**** DATA FOR PROCESSING ****

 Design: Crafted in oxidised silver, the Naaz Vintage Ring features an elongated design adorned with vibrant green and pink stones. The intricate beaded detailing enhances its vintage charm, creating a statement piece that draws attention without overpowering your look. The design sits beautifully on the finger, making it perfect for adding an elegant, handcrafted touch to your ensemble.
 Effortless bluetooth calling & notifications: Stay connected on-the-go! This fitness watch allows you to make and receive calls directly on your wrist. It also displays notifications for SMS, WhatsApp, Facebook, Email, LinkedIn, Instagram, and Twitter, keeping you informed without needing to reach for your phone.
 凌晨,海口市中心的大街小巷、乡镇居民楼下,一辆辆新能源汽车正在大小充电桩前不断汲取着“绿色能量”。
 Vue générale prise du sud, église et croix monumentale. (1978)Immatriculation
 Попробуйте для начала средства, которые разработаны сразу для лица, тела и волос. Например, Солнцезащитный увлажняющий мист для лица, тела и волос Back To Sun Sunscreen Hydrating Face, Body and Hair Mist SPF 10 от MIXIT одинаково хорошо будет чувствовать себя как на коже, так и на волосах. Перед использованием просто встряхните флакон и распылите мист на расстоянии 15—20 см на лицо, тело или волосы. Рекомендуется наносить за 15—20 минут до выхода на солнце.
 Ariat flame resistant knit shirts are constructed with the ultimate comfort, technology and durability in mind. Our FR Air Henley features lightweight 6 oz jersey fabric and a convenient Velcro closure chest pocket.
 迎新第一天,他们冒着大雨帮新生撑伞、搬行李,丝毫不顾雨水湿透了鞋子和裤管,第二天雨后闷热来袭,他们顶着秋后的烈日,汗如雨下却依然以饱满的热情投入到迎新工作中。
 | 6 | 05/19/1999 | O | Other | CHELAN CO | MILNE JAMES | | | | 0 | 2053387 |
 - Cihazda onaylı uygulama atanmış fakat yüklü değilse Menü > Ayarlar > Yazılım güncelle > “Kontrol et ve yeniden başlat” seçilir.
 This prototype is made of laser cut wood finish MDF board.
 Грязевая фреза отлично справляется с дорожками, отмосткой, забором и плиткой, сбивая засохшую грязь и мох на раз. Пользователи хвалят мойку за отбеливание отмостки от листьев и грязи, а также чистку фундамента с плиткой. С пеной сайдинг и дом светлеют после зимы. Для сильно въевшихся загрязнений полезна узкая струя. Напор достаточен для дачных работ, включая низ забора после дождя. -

****

WORK TASK >>
For this exercise, the answer is the lines from the one containing "This prototype is" through the end of the listing above, reproduced exactly.

EXPECTED ANSWER >>
 This prototype is made of laser cut wood finish MDF board.
 Грязевая фреза отлично справляется с дорожками, отмосткой, забором и плиткой, сбивая засохшую грязь и мох на раз. Пользователи хвалят мойку за отбеливание отмостки от листьев и грязи, а также чистку фундамента с плиткой. С пеной сайдинг и дом светлеют после зимы. Для сильно въевшихся загрязнений полезна узкая струя. Напор достаточен для дачных работ, включая низ забора после дождя. -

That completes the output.